Мама обняла отца и принялась от радости лить слезы над моей кроватью. Она еще не знала, станет ли биться мое новое сердце в моем теле, но уже была безмерно рада тому, что появился хоть какой-то шанс на спасение.
А я… Я думала, о том, что мое старое сердечко возьмут и вырежут из груди. Реально вырежут. А что дальше? Выкинут в помойку? Мне становилось страшно и жутко от одной этой мысли.
Потом мама принялась молиться за ту семью, которая кого-то потеряла, но нашла в себе мужество, чтобы отдать мне орган. Ведь самый большой подарок в жизни – это и есть Жизнь.
А я задумалась о том, достойна ли такого дара. И что буду с ним делать? Одно дело заботиться о пересаженном органе, поддерживать здоровье, правильно питаться и заниматься спортом, а другое – распорядиться своей жизнью за двоих, сделать в два раза больше добрых дел за себя и за того, кто умер. Ведь нельзя пролеживать свои возможности на диване или за компьютером?

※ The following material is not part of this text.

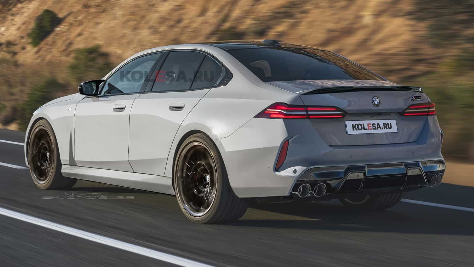 The adjacent digital design exercise is likely quite close to the real thing, right down to the carbon fiber trunk lid spoiler. The M-specific side mirrors have already been revealed for the i5 M60 and are likely to be installed on the unannounced M560e rumored to arrive by mid-2024 with an electrified inline-six powertrain.

Новая жизнь с новым сердцем – это очень ответственно.
Отдать органы своего близкого другому человеку – акт поистине впечатляющей щедрости. И неудивительно, что каждый хочет быть уверен, что жертва не напрасна.
Папа уже обзванивал наших родственников. Тех, кто жил рядом, и даже тех, о ком я слышала впервые. Ему не терпелось сообщить им, что я теперь не умру. Хотя это еще было под вопросом.
А я вспоминала те операции, что пережила. Мне бы и не хотелось вспоминать о тех испытаниях, но именно эти болезненные манипуляции каждый раз давали мне новые отсрочки. И теперь становилось ясно – все было не зря. И возможно, сегодняшняя операция станет последней.
Хотелось надеяться.
– Мама, я могу увидеть Райана? – знала, что вопрос мог ее огорчить, но не могла его не задать.
– Дорогая, дело в том, что сюда пускают только ближайших родственников… – вплеснула руками она.
– Но я могу его больше никогда не увидеть, – произнесла тихо, вложив в свои слова свои последние силы.